The Michael J. Fox Foundation for Parkinson's Research (MJFF) announced that with the help of the Parkinson's community, it has completed and surpassed the $50-million Brin Wojcicki Challenge. Longtime Foundation supporters Sergey Brin and Anne Wojcicki have matched more than $53 million in capacity-building gifts received by MJFF from January 1, 2011, to December 31, 2012.
Mr. Brin and Ms. Wojcicki, the Foundation's largest donors for several years running, spearheaded the Challenge to spur donors at every level to give, renew or increase giving to MJFF. Because of the enthusiasm and generosity of the Foundation's community of donors, Challenge-eligible giving exceeded the original goal by about $3 million — additional dollars that Mr. Brin and Ms. Wojcicki have agreed to match.
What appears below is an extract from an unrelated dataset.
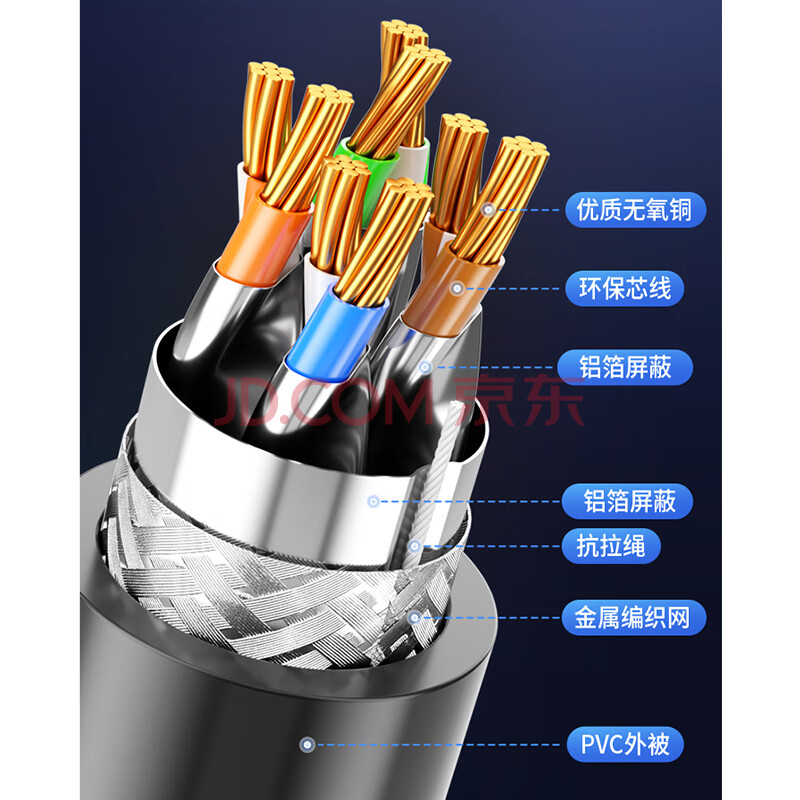 商品相册:倍立方7类纯铜网线 Cat7七类屏蔽8芯双绞线 工程级万兆网络连接线 电脑家用成品跳线 10米 黑色 C70100A1第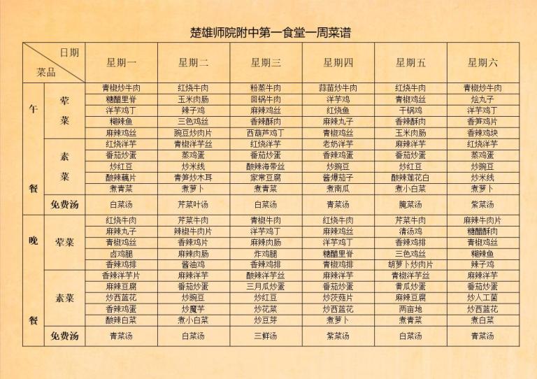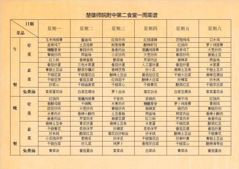 楚雄师院附中食堂一周食谱 2025年12月8日——2025年12月13日

"Anne and Sergey's friendship to our Foundation and to Parkinson's patients worldwide is awe-inspiring," said Michael J. Fox. "As if a $50-million match weren't tremendous in its own right, they've gone above and beyond their initial commitment to match the $3 million extra ponied up by our incredible supporters. There's no doubt the Challenge has made our community stronger and more vibrant in its passionate pursuit of a cure."
Over the course of two years, the Challenge brought thousands of new contributors to MJFF. It also helped the Foundation reactivate relationships with thousands of supporters who had given prior to 2010, and motivated over 4,000 to stretch their giving in order to double the impact of their generosity.
Mr. Brin is co-founder of Google. Ms. Wojcicki is co-founder of 23andMe, a personal genetics company. With the completion of the Challenge, their personal giving to MJFF totals more than $157.5 million since 2004.
An opportune moment and an urgent need
Mr. Brin and Ms. Wojcicki chose an opportune moment in Parkinson's drug development to launch the Challenge. MJFF and most of its research partners believe that the pipeline of new Parkinson's treatments is as robust as it has been in decades, if not ever. Understanding of the factors underlying disease onset and progression is increasing, and insights from genetics are opening new avenues for therapeutic development. In the midst of this promising activity, government and commercial sources of research funding continue to dry up. Especially as more research approaches the clinic, where costs rise steeply, there has never been a more important time or a greater need for the Parkinson's community to work together to ensure funding sufficient to keep the most promising projects moving forward.
At the outset of 2013, MJFF remains focused on:
- The search for a disease-modifying treatment. This spring, results are expected from Ceregene, Inc.'s most recent MJFF-supported Phase 2 clinical trial of neurturin, a trophic factor that could help restore dopamine neurons in the Parkinson's brain. As Parkinson's genetics continues to revolutionize the field, MJFF is growing its initiatives focused on alpha-synuclein and LRRK2, the two most important genetic targets in PD. And in coming months the Foundation's landmark biomarker study, Parkinson's Progression Markers Initiative (ppmi-info.org), will complete collection of baseline data (all of which has been made available to the research community at large in real time) and launch a new arm to study people at increased risk for the disease.
- Looking beyond the dopamine system. Today researchers understand that Parkinson's involves a constellation of symptoms that go well beyond dopamine signaling. MJFF-enabled partnerships with Bristol Myers Squibb, Sanofi, Addex and other major pharmaceutical firms are pushing new classes of symptomatic therapies, as well as treatments for cognition and dyskinesia, closer than ever to the clinic.
- Increasing the flow of willing volunteers for clinical research through Fox Trial Finder. Fox Trial Finder (foxtrialfinder.org) has registered more than 14,000 patient and control volunteers who want to be matched to the best trials for them. In 2013 the site comes online in five more European countries and aims to attain 30,000 registered volunteers by year-end.
"Our Foundation's promise to Parkinson's patients is to work urgently to identify and fund the projects closest or most critical to practical therapeutic relevance," said Todd Sherer, PhD, CEO of MJFF. "We're grateful to our Challenge participants and our entire community of supporters for helping us continue to fulfill that promise."